One thing I’m excited about is the translational research we are doing now Africa, in Uganda and Ghana, where we really examine what the side effects of these drugs are doing to the mitochondria. We now believe the high prevalence of metabolic syndrome in people living with HIV, one of the contributing factors, could be the antiretroviral drugs causing mitochondria dysfunction. In normal people, this should be developed in the fifth decade of life, but it starts earlier in people living with HIV .

In infectious diseases, one hypothesis begets another. We started with just the side effect and thought the drug could be the culprit and found the relation to the mitochondria. Now we are finding mitochondria dysfunction could be the potential etiopathogenesis of this metabolic syndrome. What a gift to pediatric HIV specialists. That is something I have been passionate about, that after 17-18 years I am now able to really bring lab-based research to Africa. I’d dreamed about this so many years ago.

What do you enjoy most about being a PIDS board member; what keeps you renewing your Society membership? First and foremost, it is the vision and mission of the Society. It’s how passionate we all are on all things infectious disease and in helping children. Usually, children are forgotten or a second thought. But for a society to put all its energy in reaching and serving children is golden. Pediatric infectious diseases is a subspecialty where you don’t have to preach equity to them. Our Society has taken a lead in equity, we were doing it even before the concept of diversity, equity and inclusion took hold. We have been dealing with diseases that affect the broad swath of humanity from the start, whether it is the underserved, the well-served, or the privileged in the world. I see in our Society that we embody that.

Those pediatric ID people who came before us took on vaccines in children that largely affect the global south, but people here worked hard to address those diseases. We have been for equity and inclusivity from the start and I love that. I came to the board to continue that sort of work and ensure we continue to advocate for equity, diversity, inclusivity for all the children in the world.

Also, networking and collaboration of the society is special.
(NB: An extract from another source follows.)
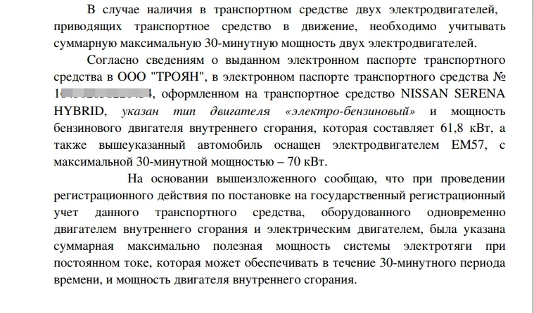 “Согласно уточняющим данным, при расчёте транспортного налога нужно опираться на принципы взаимодействия гибридной установки с колесами, то есть мы суммируем только те мощности, которые приводят в движение непосредственно колеса. Например, в гибридной системе автомобиля Nissan e-Power с двигателем объёмом в 1,2 л колёса работают только от электромотора, никаких совместных режимов работы нет. Руководствуясь уточняющим письмом, считать нужно только мощность этого электромотора”, — комментирует эксперт.
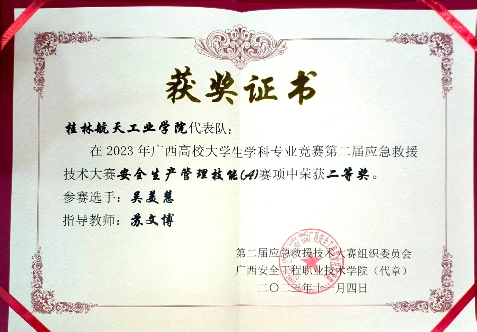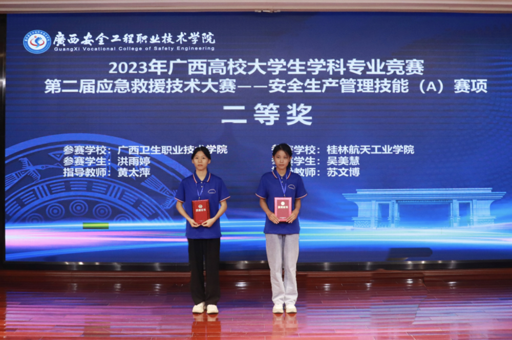 为促进应急救援技术专业的建设与发展,提升应急救援人才的技能与水平,11月2至5日,由广西壮族自治区教育厅指导的2023年广西高校大学生学科专业竞赛第二届应急救援技术大赛在广西安全工程职业技术学院举行。能源与建筑环境学院2022级安全工程专业学生吴美慧在安全生产管理技能(A)赛项表现突出,展现了扎实的专业技能,获得了2023年广西高校大学生学科专业竞赛第二届应急救援技术大赛二等奖。

I am a member of several societies, this one is like a family that you want to be with. That’s what keeps attracting me to be part of PIDS. I am currently a section chief of ID, and seeing how we can address this issue of getting people into pediatric ID. The work of the board to create policies and strategies to keep people excited about our specialty, . trying to get more interest in our students, residents, even looking at the high school level. COVID has been a primer to those of us in ID to drum up interest. If we don’t use the momentum COVID has given us it would be a lost cause.